No signs of clinically significant interaction between lopinavir/ritonavir and pravastatin have been identified. The metabolism of pravastatin and fluvastatin does not depend on the CYP3A4 isoenzyme, so no interaction with lopinavir/ritonavir is expected. If treatment with HMG-CoA reductase inhibitors is indicated during the use of lopinavir/ritonavir, then pravastatin or fluvastatin is recommended.

Concentrations of these drugs (e.g., cyclosporine, tacrolimus, and sirolimus) may increase when used concomitantly with lopinavir/ritonavir. More frequent monitoring of therapeutic concentrations is recommended until the blood concentrations of these drugs are stabilized.

It is known that Lopinavir/Ritonavir reduces the plasma concentrations of methadone. Monitoring of methadone plasma concentrations is recommended.

Since the plasma concentrations of ethinyl estradiol may be decreased with the concomitant use of lopinavir/ritonavir and estrogen-containing oral contraceptives or contraceptive patches, alternative or additional contraceptive methods should be used.
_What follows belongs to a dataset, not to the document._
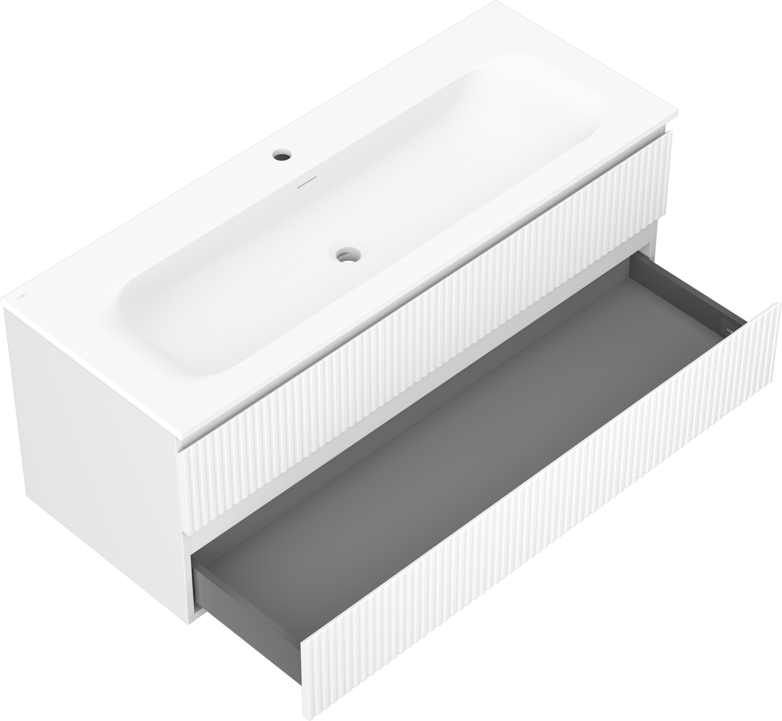 Mexen Rivel vannas istabas skapis 120 cm ar izlietni Vela, 2 atvilktnes, rievots, balts mats - 91A20-12047-2-BFF01-W23M01

When bosentan was used concomitantly with lopinavir/ritonavir, an increase in the C_max and AUC of bosentan by 6 and 5 times, respectively, was observed.

Storage Conditions

Store at 2°C (36°F) to 25°C (77°F). Keep in original packaging, protected from light. Keep out of reach of children.

Dispensing Status

Rx Only

Important Safety Information

This information is for educational purposes only and does not replace professional medical advice. Always consult your doctor before use. Dosage and side effects may vary. Use only as prescribed.